There are grounds to believe that among the main parties and the main party leaders the political will now exists to turn a new page, to stop looking backwards and to start solving the real problems that BiH citizens face. This is the climate in which the parties are preparing to contest the local elections in October and nowhere will the changed political atmosphere be more important than in Srebrenica.
I have visited Srebrenica a number of times since I became High Representative three years ago. My commitment to the people of this community has always been at the forefront of my efforts on behalf of the people of Bosnia and Herzegovina as a whole. This is because I believe that all of us, citizens of Bosnia and Herzegovina and foreigners, have a fundamental duty as human beings to comfort and protect the relatives of the victims of crime and to confront and bring to justice those individuals who have perpetrated crime.
The genocide that was committed at Srebrenica is a heavy burden to bear, but we must always remember that it is the families whose loved ones have been torn from them, that carry the heaviest burden. While there are some who continue to deny this fact they cannot deny that Srebrenica is a special place and that it deserves special attention.
That was agreed in 2008 and, after all, that is why, for example, RS Minister of Education Anton Kasipovic went to Srebrenica recently to broker a deal which brought all the children back to their desks again. And there are other positive examples which show that the RS authorities can recognise Srebrenica’s specificity, and can, if they choose to, act to assert and uphold it.
I believe that a party political agreement can be reached that will ensure that all of the people of Srebrenica have full and fair representation after the municipal elections, while also ensuring that the victims of the horrible crimes that took place there are duly honoured. Out of respect for the victims and their families, and in the interests of normal coexistence in the town, political parties must engage in genuine dialogue.
Such an agreement would open the way for unseen social and economic developments that will benefit the entire community and the entire country. After all, apart from the processes of justice and reconciliation, the most important issue for Srebrenica is the need for a healthy economy. In this way, reconciliation and recovery could go hand in hand
The municipality has significant economic resources that have remained untapped as political energy has been channelled away from development issues. The forthcoming election campaign offers an opportunity for the parties to make it clear that they see a path out of this impasse and that they have made up their minds to follow that path. Now is not the time for politicians to retreat behind political positions but for party leaders to lead.

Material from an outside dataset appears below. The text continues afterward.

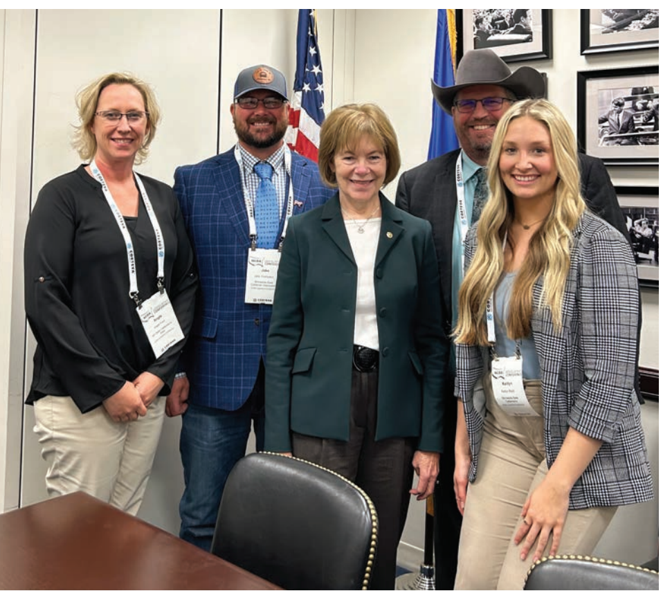
Senator Tina Smith (middle) pictured with MSCA team members.

CHECK US OUT ON THE WEB AT WWW.MNSCa.org

Real political leadership means building solutions which will be in the interest of the current and former residents of Srebrenica. This will also help many more former residents to return to their homes. They have suffered too much and too long to again find themselves the subject of political tension and manipulation. This is the politics of genuine recovery and hope that the people of Bosnia and Herzegovina need – and it can begin in Srebrenica. Politicians at the municipal, entity and state level have a rare opportunity. They must seize it.